▶ Work order: Exact copies of the lines below, from the one with "Maak een tentoonstelling" up to and including the one with "УКРАЇНСЬКА РСР. У", are what this calls for; leave out pictures.

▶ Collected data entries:
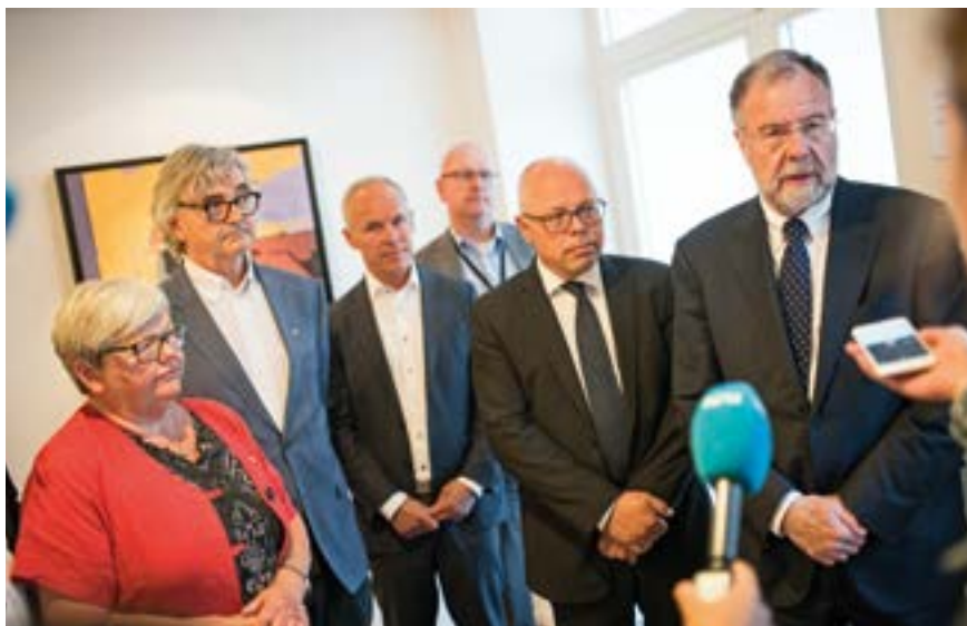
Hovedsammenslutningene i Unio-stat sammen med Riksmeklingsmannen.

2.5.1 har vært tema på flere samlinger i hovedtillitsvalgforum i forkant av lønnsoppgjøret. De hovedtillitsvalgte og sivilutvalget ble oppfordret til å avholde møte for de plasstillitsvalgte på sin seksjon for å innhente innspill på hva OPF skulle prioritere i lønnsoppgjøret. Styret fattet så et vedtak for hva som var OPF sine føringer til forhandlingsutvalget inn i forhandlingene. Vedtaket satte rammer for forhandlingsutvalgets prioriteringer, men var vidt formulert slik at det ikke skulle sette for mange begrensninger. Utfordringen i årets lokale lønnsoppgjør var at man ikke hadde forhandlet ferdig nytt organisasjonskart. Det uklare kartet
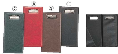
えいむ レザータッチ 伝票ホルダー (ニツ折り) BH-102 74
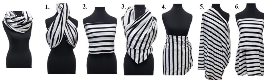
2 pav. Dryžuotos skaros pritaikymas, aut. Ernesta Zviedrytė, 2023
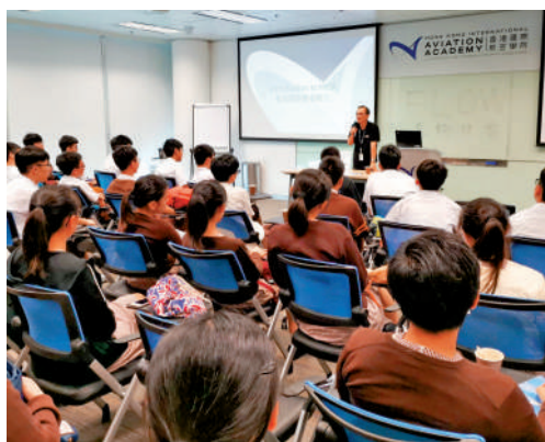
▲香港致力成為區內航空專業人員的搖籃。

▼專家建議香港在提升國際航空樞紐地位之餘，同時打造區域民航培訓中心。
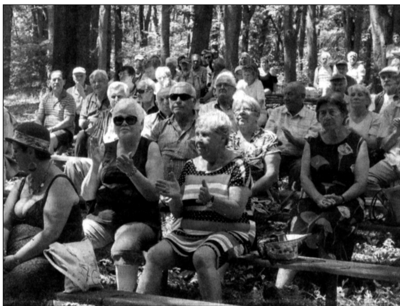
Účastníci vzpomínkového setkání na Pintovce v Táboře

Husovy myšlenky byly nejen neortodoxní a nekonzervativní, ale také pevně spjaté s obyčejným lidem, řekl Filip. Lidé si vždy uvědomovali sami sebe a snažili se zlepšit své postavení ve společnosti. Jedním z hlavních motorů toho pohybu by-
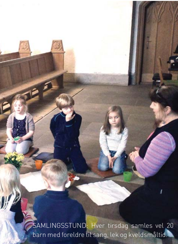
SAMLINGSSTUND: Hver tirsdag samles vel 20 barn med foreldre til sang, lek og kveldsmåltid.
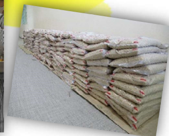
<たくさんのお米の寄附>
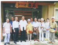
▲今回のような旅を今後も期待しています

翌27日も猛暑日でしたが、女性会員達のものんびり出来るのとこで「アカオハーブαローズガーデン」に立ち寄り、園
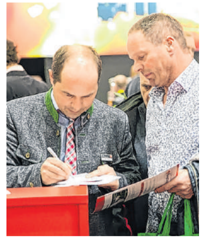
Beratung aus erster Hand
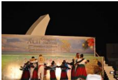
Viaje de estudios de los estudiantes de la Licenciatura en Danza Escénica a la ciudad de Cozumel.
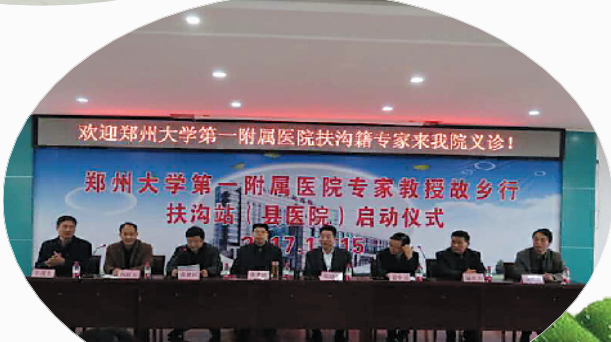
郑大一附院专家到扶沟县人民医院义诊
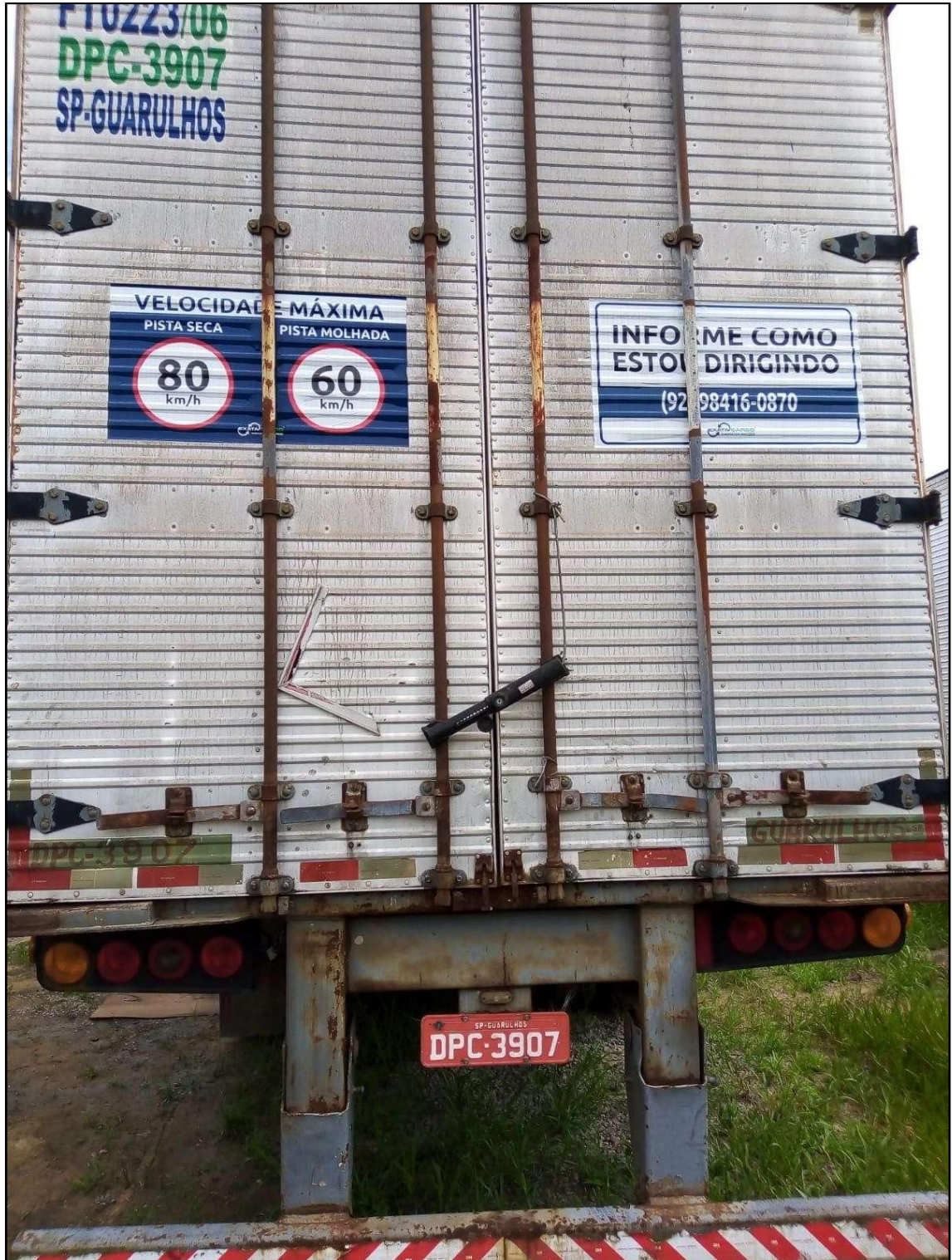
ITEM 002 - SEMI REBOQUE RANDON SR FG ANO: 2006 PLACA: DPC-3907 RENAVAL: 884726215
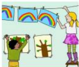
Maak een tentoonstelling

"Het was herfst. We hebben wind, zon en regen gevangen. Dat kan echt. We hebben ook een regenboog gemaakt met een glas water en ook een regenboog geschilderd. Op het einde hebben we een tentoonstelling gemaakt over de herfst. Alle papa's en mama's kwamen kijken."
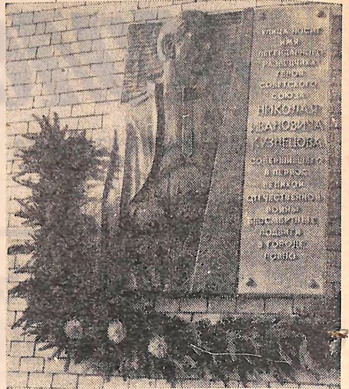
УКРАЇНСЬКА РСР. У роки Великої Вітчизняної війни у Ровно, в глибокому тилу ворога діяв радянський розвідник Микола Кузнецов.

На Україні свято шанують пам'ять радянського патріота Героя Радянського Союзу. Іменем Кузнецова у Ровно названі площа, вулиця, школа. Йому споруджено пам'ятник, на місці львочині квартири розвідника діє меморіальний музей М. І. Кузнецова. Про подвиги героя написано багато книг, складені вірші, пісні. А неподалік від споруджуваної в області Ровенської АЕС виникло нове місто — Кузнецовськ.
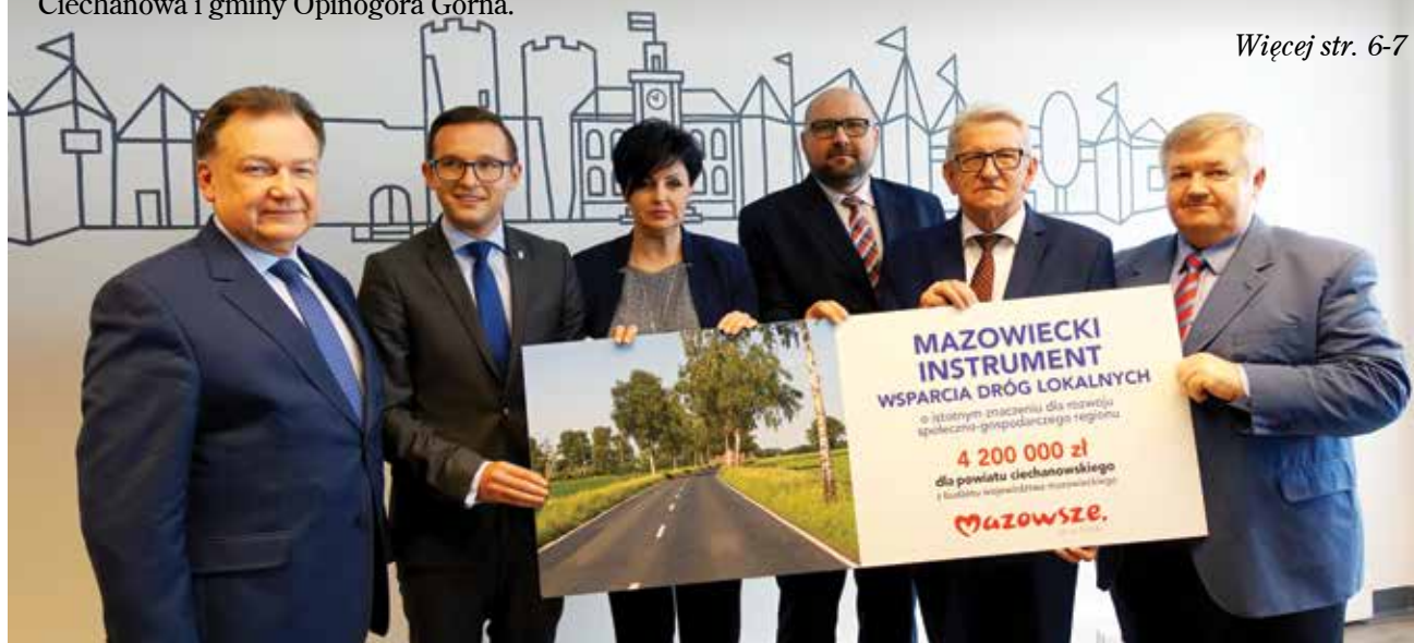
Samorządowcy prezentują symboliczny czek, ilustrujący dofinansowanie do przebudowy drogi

▶ Answer space:
Maak een tentoonstelling

"Het was herfst. We hebben wind, zon en regen gevangen. Dat kan echt. We hebben ook een regenboog gemaakt met een glas water en ook een regenboog geschilderd. Op het einde hebben we een tentoonstelling gemaakt over de herfst. Alle papa's en mama's kwamen kijken."
УКРАЇНСЬКА РСР. У роки Великої Вітчизняної війни у Ровно, в глибокому тилу ворога діяв радянський розвідник Микола Кузнецов.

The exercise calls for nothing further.